The economics: tokens ain’t free

When it comes to numbers, the cost of running our benchmark tool also helps explain the AEO/GEO landscape.

Each benchmark we run costs us roughly $0.50~1.00 for 120 prompts across models. That's reasonable for on-demand snapshots. Even if we run a few per day to support sales calls, the total cost lands around $50~100 per month, comfortably within our Customer Acquisition Cost.

Now, let’s think about what dedicated GEO tools like Profound, Otterly, or Peec offer: daily tracking, across hundreds of prompts, with historical baselines and trend analysis. At our per-benchmark cost, daily tracking for even a modest set of prompts would run into hundreds of dollars monthly. Weekly tracking across a broad prompt set? You're easily looking at the pricing tiers these tools actually charge.

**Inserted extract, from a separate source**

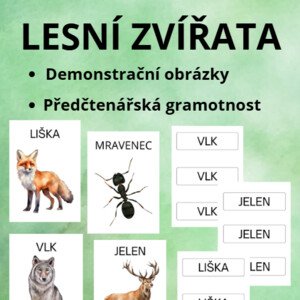 Lesní zvířata - demonstrační obrázky, předčtenářská gramotnost Aktivita je vhodná pro děti z MŠ (4-6 let) a děti

Either way, comprehensive, ongoing GEO monitoring is expensive to run, and there's a tradeoff worth understanding: the further you optimize away from "what a real ChatGPT session looks like" (limiting thinking, using simplified prompts, skipping web search), the cheaper, but also the less accurate the results get.

Similar, but serving different goals

I'm a hobbyist photographer, so here's a camera metaphor: our tool is short exposure, single frame. It's great for a quick snapshot of where you stand on a specific prompt, right now. Need to know how that prospect ranks in their industry before a sales call tomorrow? We can tell you in minutes.

Dedicated platforms like Profound are long exposure, or more like movies. They track drift over time, show sector-wide trends, and build historical baselines you can analyze over months. We now use them at Prismic too, but only to track our own ranking. If you also need that sustained visibility into how your brand appears across AI assistants, use them! They're built for it.

Different jobs, different tools. Ours went from a personal experiment to something used across the company in a matter of weeks, and it's working well for what we need. That's something I love about having space to experiment: sometimes the side project becomes the main project, and this is one of them.